Alexandre Mézard : Le numérique mobile nous habitue à nous accompagner dans l'atteinte d'objectifs personnels. Je veux m'entraîner à me concentrer, j'installe une application de méditation. Je veux être en forme, j'installe une application de renforcement musculaire. Ces applications constituent une nouvelle forme d'assistanat. Sauf que lorsque ces assistants personnels se donnent pour objectif de résoudre des enjeux collectifs, ils font porter la responsabilité de ces résolutions sur les individus. Cette individualisation des responsabilités peut générer un sentiment de culpabilité qui limite nos capacités d’action. Quand on se sait coupable, on accepte sa peine sans protester. Cet assistanat numérique fragmente aussi nos actions en de micro-tâches, ce qui ne permet pas de résoudre les grands enjeux de notre époque.
Pourtant, les « petits gestes du quotidien » ne permettent-ils pas à chacun, à son échelle, de contribuer à un monde plus durable ?
A.M. : Prenons deux exemples. Une fois mon application de mobilité partagée installée, tout me pousse à effectuer de plus en plus de trajets en covoiturage... Au lieu de prendre le train ou de limiter mes trajets, je participe à augmenter les déplacements en voiture, et donc, des émissions de CO2 associées. C'est l'effet rebond numéro un : l'objectif initial de l'application et les résultats obtenus sont en contradiction.
« On se persuade de faire le bien en légitimant tout ce qui fait que cela va mal »
L'autre effet rebond, c'est lorsque l'utilisation de ces applications mobiles « responsables » légitime le statu-quo et empêche la résolution des problèmes sous-jacents.

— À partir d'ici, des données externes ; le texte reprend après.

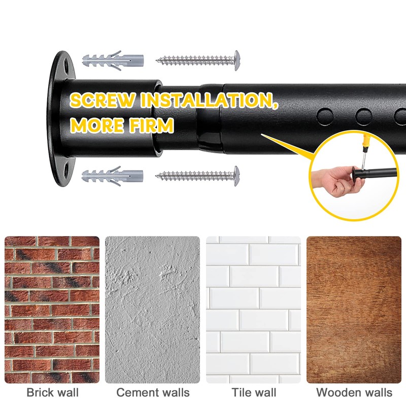 - Easy to Install: Fix the flange with screws, insert the hanging clothes rod into the flange, adjust the clothes rod to the right length, and then fix the rod with screws
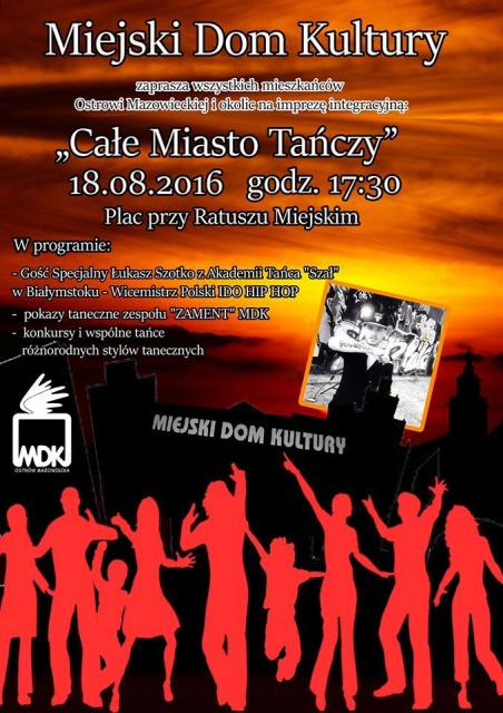 18 lipca o godz. 17:30 na placu przy Ratuszu Miejskim odbędzie się impreza integracyjna dla wszystkich mieszkańców Ostrowi Mazowieckiej "Całe Miasto Tańczy". Będzie się działo! W programie konkursy, pokazy taneczne zespołu "ZAMENT", wspólne tańce różnorodnych stylów tanecznych - każdy znajdzie coś dla siebie.

Lorsque j'utilise une application qui permet de réduire le gaspillage alimentaire en achetant des invendus à moindre coût, je ne questionne rien : ni la surproduction, ni la surconsommation, ni l'inégale répartition de la nourriture. Je me persuade de faire le bien tout en légitimant tout ce qui fait que cela va mal. Cela renvoie à l'économie de la fonctionnalité : on n'interroge pas le pourquoi des problèmes mais le comment. On accole une solution fonctionnelle à un enjeu de société qui, lui, est bien plus complexe.
Si elles ne facilitent pas l’adoption de comportements responsables, pourquoi ces applications fonctionnent-elles si bien ?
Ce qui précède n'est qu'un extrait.